══ DATA FOR ANALYSIS ══

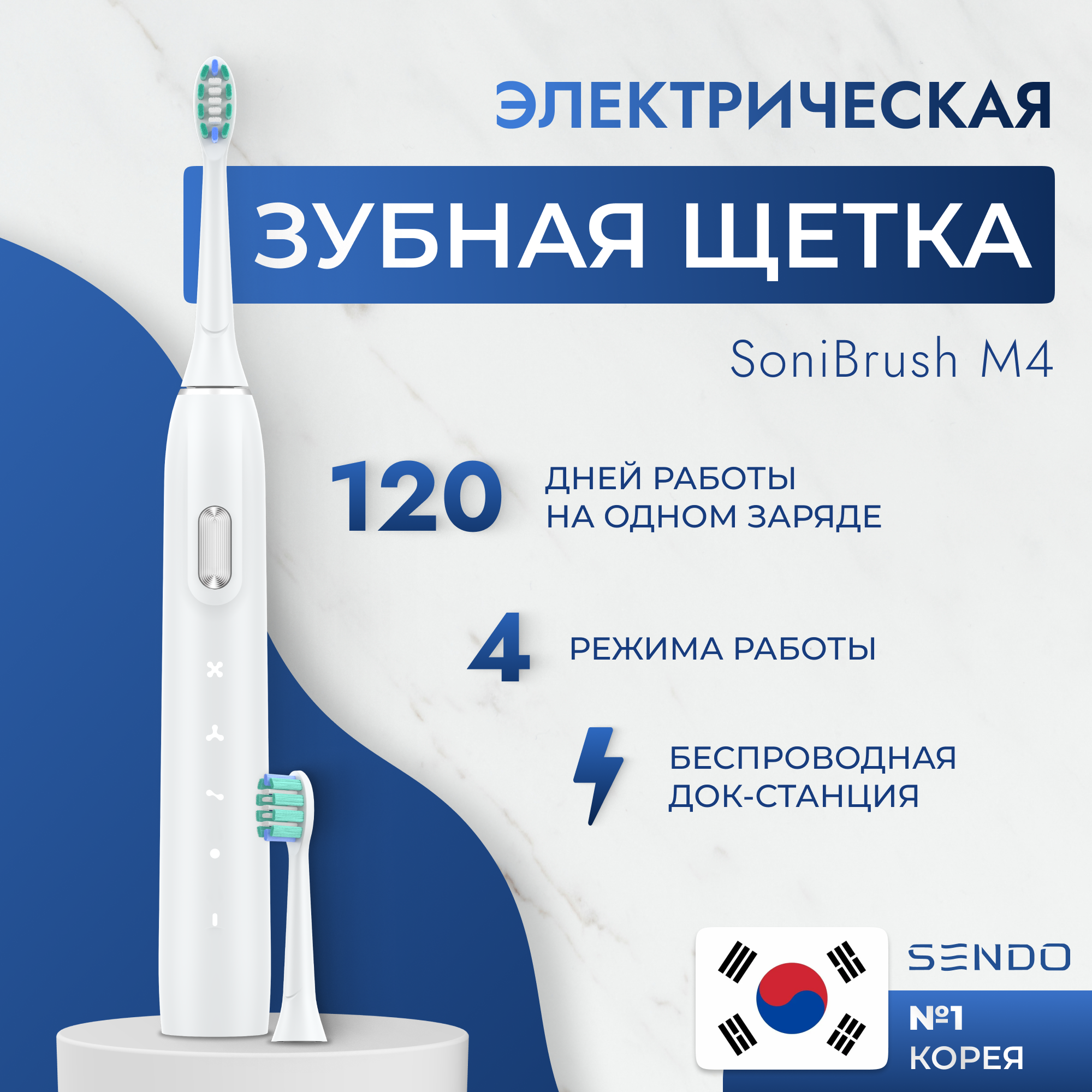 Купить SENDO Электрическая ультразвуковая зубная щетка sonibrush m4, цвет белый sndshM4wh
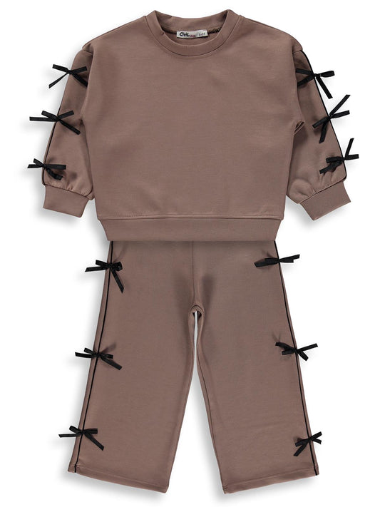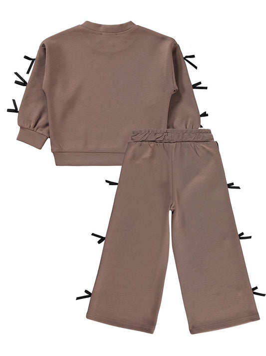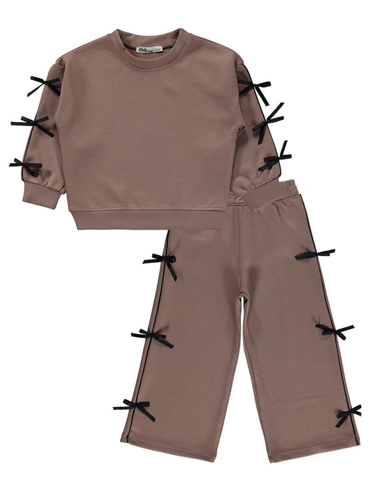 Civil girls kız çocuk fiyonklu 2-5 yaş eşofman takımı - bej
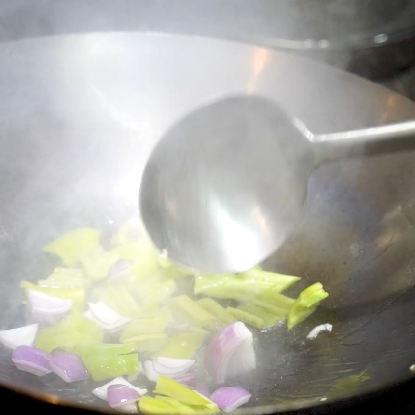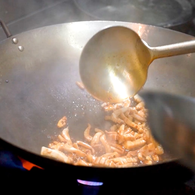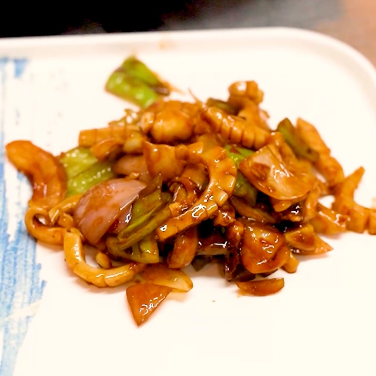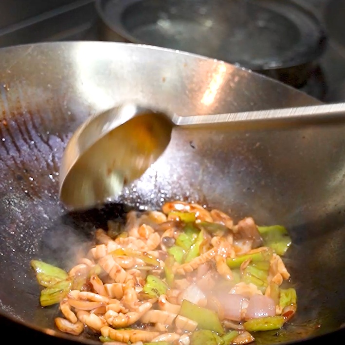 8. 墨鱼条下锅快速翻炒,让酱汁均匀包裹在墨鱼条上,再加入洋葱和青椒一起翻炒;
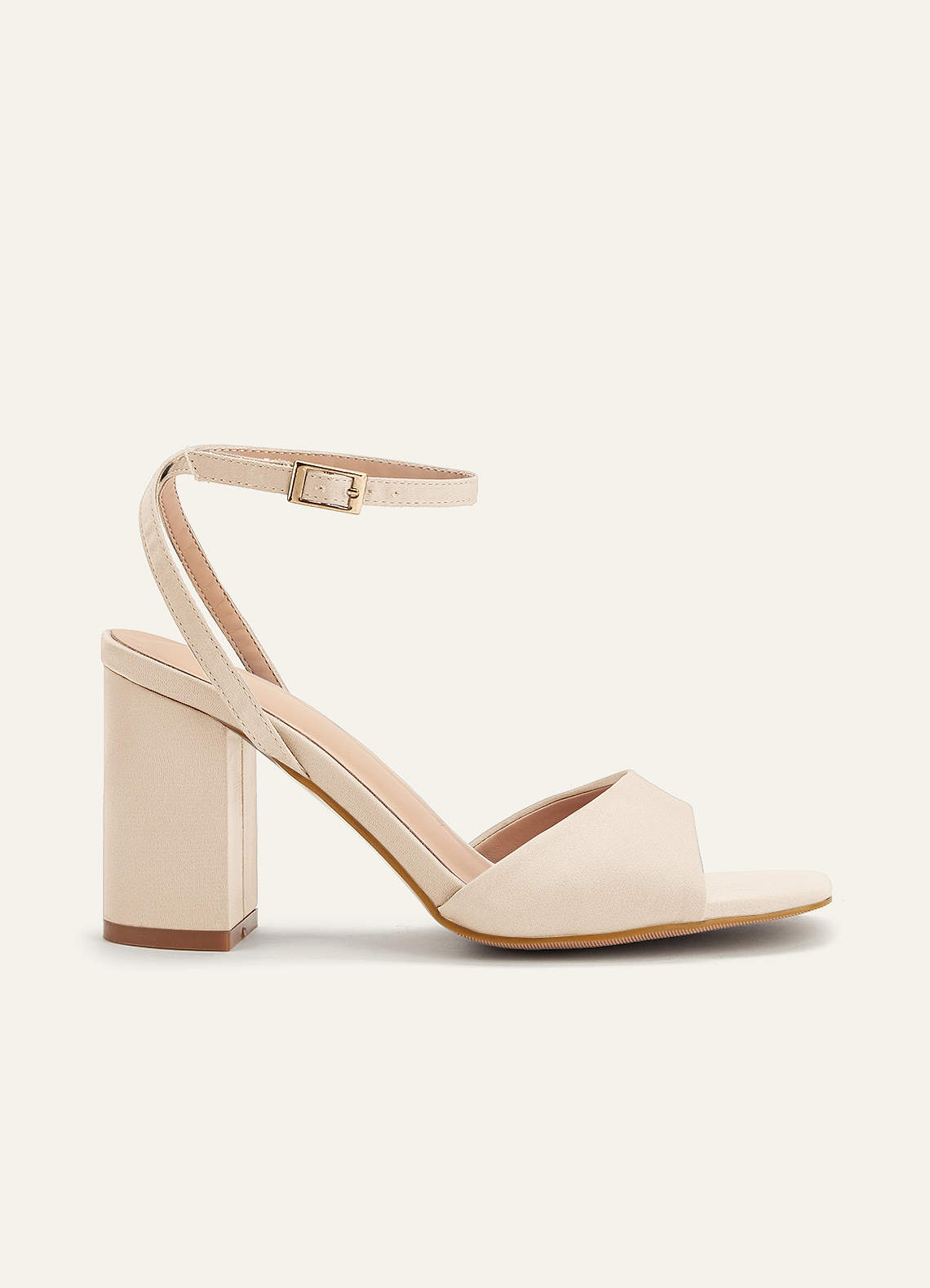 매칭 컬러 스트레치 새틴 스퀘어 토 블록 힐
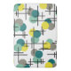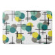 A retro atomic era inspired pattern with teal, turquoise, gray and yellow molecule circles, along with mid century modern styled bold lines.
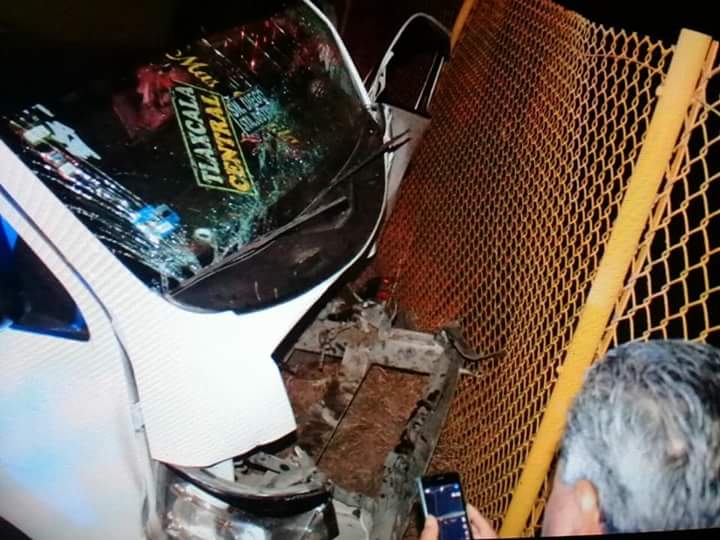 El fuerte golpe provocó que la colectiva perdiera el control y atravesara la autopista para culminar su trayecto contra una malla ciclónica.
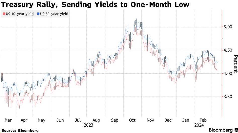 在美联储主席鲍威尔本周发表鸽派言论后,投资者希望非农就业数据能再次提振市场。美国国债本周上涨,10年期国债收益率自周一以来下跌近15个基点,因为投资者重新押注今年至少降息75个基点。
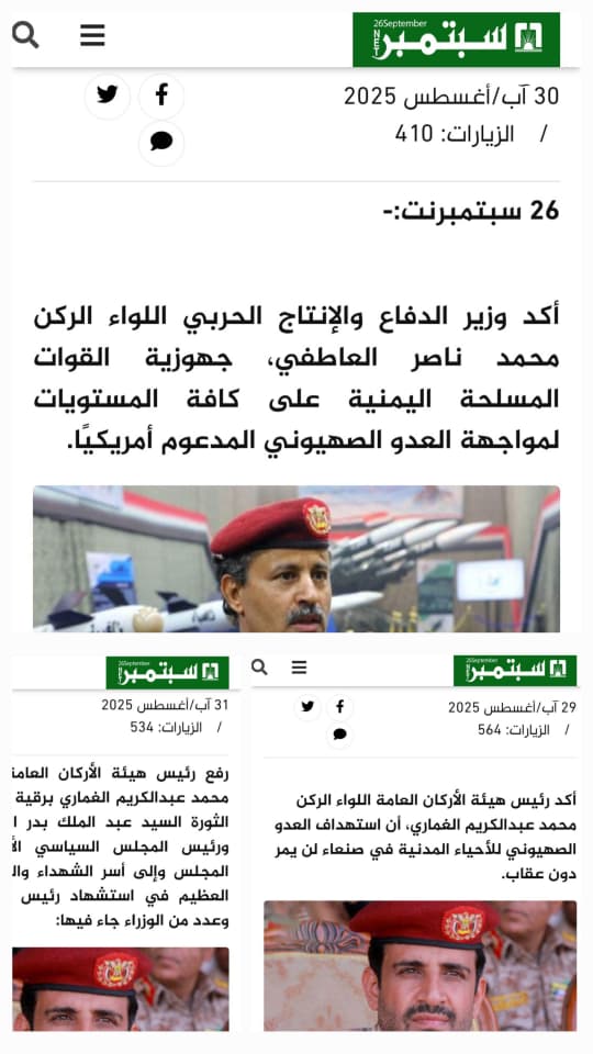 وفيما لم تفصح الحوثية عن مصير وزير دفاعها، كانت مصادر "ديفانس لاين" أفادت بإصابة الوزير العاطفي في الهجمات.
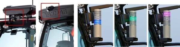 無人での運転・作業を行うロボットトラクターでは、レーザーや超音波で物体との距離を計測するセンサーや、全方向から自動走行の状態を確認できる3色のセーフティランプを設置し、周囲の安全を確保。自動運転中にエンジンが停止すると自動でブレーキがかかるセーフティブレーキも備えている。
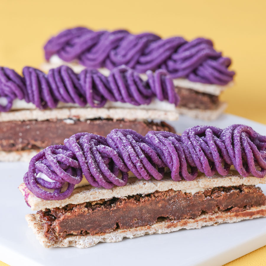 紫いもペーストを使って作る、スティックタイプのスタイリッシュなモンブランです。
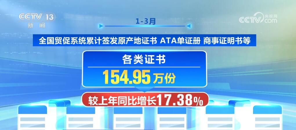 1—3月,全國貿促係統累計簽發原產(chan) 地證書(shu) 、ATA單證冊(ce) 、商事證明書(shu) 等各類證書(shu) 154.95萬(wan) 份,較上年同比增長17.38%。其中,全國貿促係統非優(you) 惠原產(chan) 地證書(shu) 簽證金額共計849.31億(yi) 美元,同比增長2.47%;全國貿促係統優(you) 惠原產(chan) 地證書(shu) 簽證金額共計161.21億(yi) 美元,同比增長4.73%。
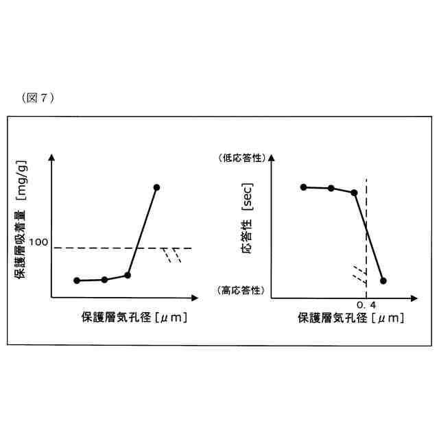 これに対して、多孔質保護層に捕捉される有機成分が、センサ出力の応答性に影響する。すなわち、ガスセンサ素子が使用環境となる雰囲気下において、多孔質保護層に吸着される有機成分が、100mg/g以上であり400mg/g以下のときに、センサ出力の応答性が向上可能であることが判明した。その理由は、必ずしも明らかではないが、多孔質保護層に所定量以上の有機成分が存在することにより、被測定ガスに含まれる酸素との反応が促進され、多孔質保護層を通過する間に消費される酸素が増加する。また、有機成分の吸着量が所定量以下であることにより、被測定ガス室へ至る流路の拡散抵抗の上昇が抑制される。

═══

Transcribe each entry precisely as given, leaving the pictures out.

 Купить SENDO Электрическая ультразвуковая зубная щетка sonibrush m4, цвет белый sndshM4wh
 Civil girls kız çocuk fiyonklu 2-5 yaş eşofman takımı - bej
 8. 墨鱼条下锅快速翻炒,让酱汁均匀包裹在墨鱼条上,再加入洋葱和青椒一起翻炒;
 매칭 컬러 스트레치 새틴 스퀘어 토 블록 힐
 A retro atomic era inspired pattern with teal, turquoise, gray and yellow molecule circles, along with mid century modern styled bold lines.
 El fuerte golpe provocó que la colectiva perdiera el control y atravesara la autopista para culminar su trayecto contra una malla ciclónica.
 在美联储主席鲍威尔本周发表鸽派言论后,投资者希望非农就业数据能再次提振市场。美国国债本周上涨,10年期国债收益率自周一以来下跌近15个基点,因为投资者重新押注今年至少降息75个基点。
 وفيما لم تفصح الحوثية عن مصير وزير دفاعها، كانت مصادر "ديفانس لاين" أفادت بإصابة الوزير العاطفي في الهجمات.
 無人での運転・作業を行うロボットトラクターでは、レーザーや超音波で物体との距離を計測するセンサーや、全方向から自動走行の状態を確認できる3色のセーフティランプを設置し、周囲の安全を確保。自動運転中にエンジンが停止すると自動でブレーキがかかるセーフティブレーキも備えている。
 紫いもペーストを使って作る、スティックタイプのスタイリッシュなモンブランです。
 1—3月,全國貿促係統累計簽發原產(chan) 地證書(shu) 、ATA單證冊(ce) 、商事證明書(shu) 等各類證書(shu) 154.95萬(wan) 份,較上年同比增長17.38%。其中,全國貿促係統非優(you) 惠原產(chan) 地證書(shu) 簽證金額共計849.31億(yi) 美元,同比增長2.47%;全國貿促係統優(you) 惠原產(chan) 地證書(shu) 簽證金額共計161.21億(yi) 美元,同比增長4.73%。
 これに対して、多孔質保護層に捕捉される有機成分が、センサ出力の応答性に影響する。すなわち、ガスセンサ素子が使用環境となる雰囲気下において、多孔質保護層に吸着される有機成分が、100mg/g以上であり400mg/g以下のときに、センサ出力の応答性が向上可能であることが判明した。その理由は、必ずしも明らかではないが、多孔質保護層に所定量以上の有機成分が存在することにより、被測定ガスに含まれる酸素との反応が促進され、多孔質保護層を通過する間に消費される酸素が増加する。また、有機成分の吸着量が所定量以下であることにより、被測定ガス室へ至る流路の拡散抵抗の上昇が抑制される。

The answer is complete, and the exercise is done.